La relation entre École Citoyenne et Cité Éducative se trouve dans l’origine étymologique des mots « cité » et « citoyen ». Tous les deux ont la même origine latine « civis », citoyen, membre libre d’une ville à laquelle il appartient par origine ou par adoption, donc sujet d’un endroit, celui qu’il s’est approprié. Ainsi, la ville (cité, civitas) est une communauté politique où les membres, les citoyens, se gouvernent eux-mêmes et le citoyen est la personne qui jouit du droit de la ville.

« Cité », « citoyen », « citoyenneté », font référence à une certaine conception de la vie des gens, de celle qu’ils vivent d’une façon « civilisée » (de civilitas, affabilité, bonté, courtoisie), participant d’un même territoire, s’autogouvernant, construisant une « civilisation ». Bien sûr qu’à Rome, ce concept de sujet de la ville était limité à peine à quelques hommes libres, dont la culture était le reflet de l’oisiveté et pas du travail. Le travail (« tripalium » = châtiment) était réservé aux innombrables esclaves. Ceux-là étaient sujets « assujettis », soumis et, pourtant, n’étaient pas considérés comme citoyens. Ils n’avaient pas droit à la citoyenneté, ils n’étaient pas considérés comme civilisés, mais étrangers, barbares, ne pouvant pas jouir des bienfaits de la civilisation.

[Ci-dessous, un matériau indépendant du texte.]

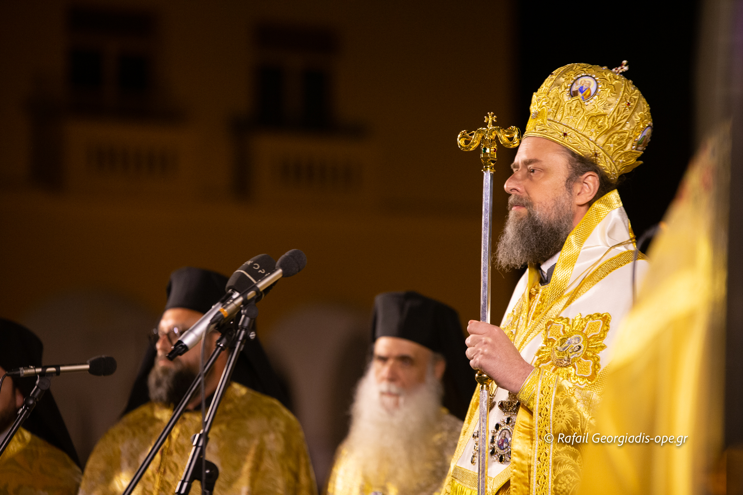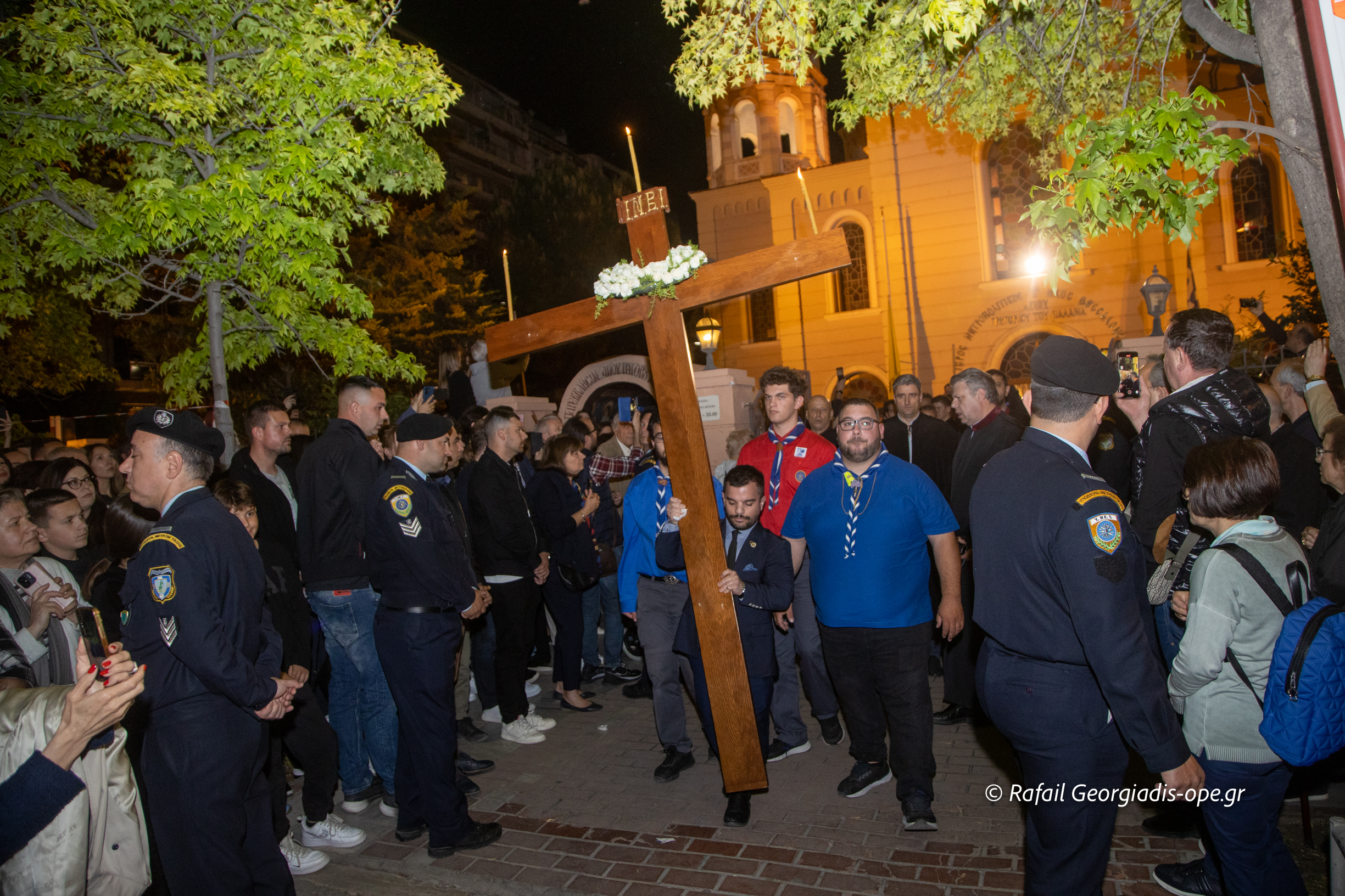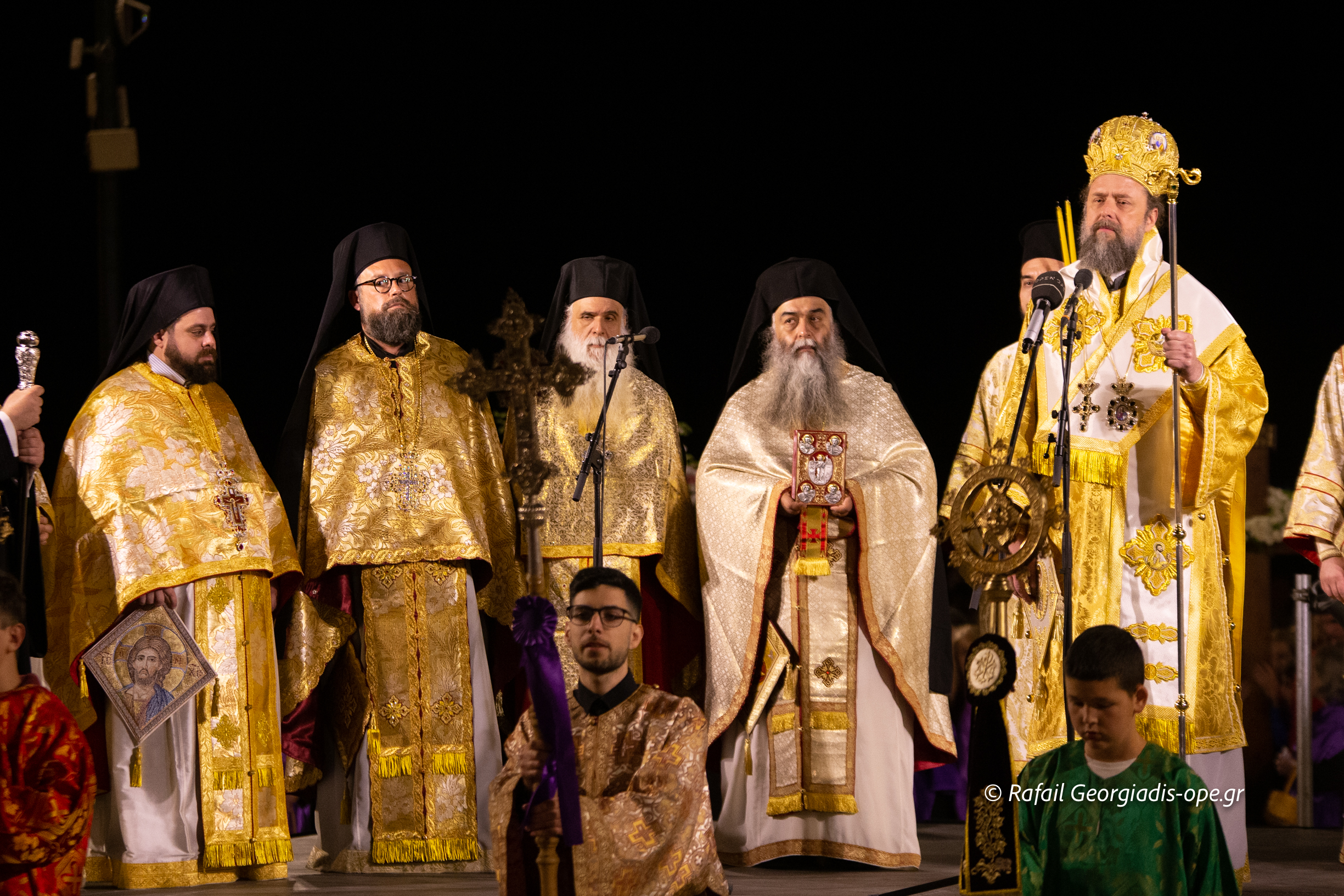 Στην κεντρική πλατεία της πόλης «συναντήθηκαν» οι επιτάφιοι από τον Καθεδρικό Ναό Της Του Θεού Σοφίας, από τον Μητροπολιτικό Ναό Αγίου Γρηγορίου του Παλαμά, από τον Ιερό Ναό της Παναγίας Χαλκέων, από την Ιερά Μονή Αγίας Θεοδώρας και από τον Ιερό Ναό Αγίου Νικολάου του Τρανού.

Nous pouvons parler d’École Citoyenne et de Cité Educative quand le dialogue existe entre l’école et la ville. On ne peut pas parler d’École Citoyenne sans l’inclure comme école participative, école appropriée par la population comme faisant partie de l’appropriation de la ville à laquelle elle appartient. Dans ce sens, l’Ecole Citoyenne, plus ici, moins là-bas, suppose l’existence d’une Cité Educative. Cette appropriation arrive au travers des mécanismes créés par l’école elle-même, comme une Collégialité Scolaire, la Constitution de l’École, des rencontres pédagogiques et autres. Cet acte de sujet de la ville amène à l’intérieur de l’école les intérêts et les besoins de la population. Cela est le « scénario » de la ville qui éduque dans lesquels les pratiques scolaires rendent possible de qualifier autant la lecture du mot écrit que la « lecture du monde » (Paulo Freire). La ville qui éduque ne reste pas dans l’immédiat, mais indique plutôt une compréhension plus analytique et réflexive soit des problèmes du quotidien, soit des défis du monde contemporain.

Quand peut-on parler de ville qui éduque ?

Nous pouvons parler de ville qui éduque quand elle cherche à instaurer, avec toutes ses énergies, la citoyenneté pleine, active, quand elle établit des réseaux permanents de participation, stimule l’organisation des communautés pour qu’elles prennent en main, de façon organisée, le contrôle social de la ville. Cela n’est pas une tâche « spontanée » des Villes. Nous avons besoin de volonté politique et d’une perspective historique.

« La tâche éducative des Villes se réalise aussi à travers le traitement de sa mémoire qui ne la garde pas seulement, mais la reproduit, l’étend, se transmet aux générations qui arrivent. Ses musées, ses centres de culture, d’art sont l’âme vive de la volonté créatrice, des signes de l’aventure de l’esprit » (Freire, 1993:24).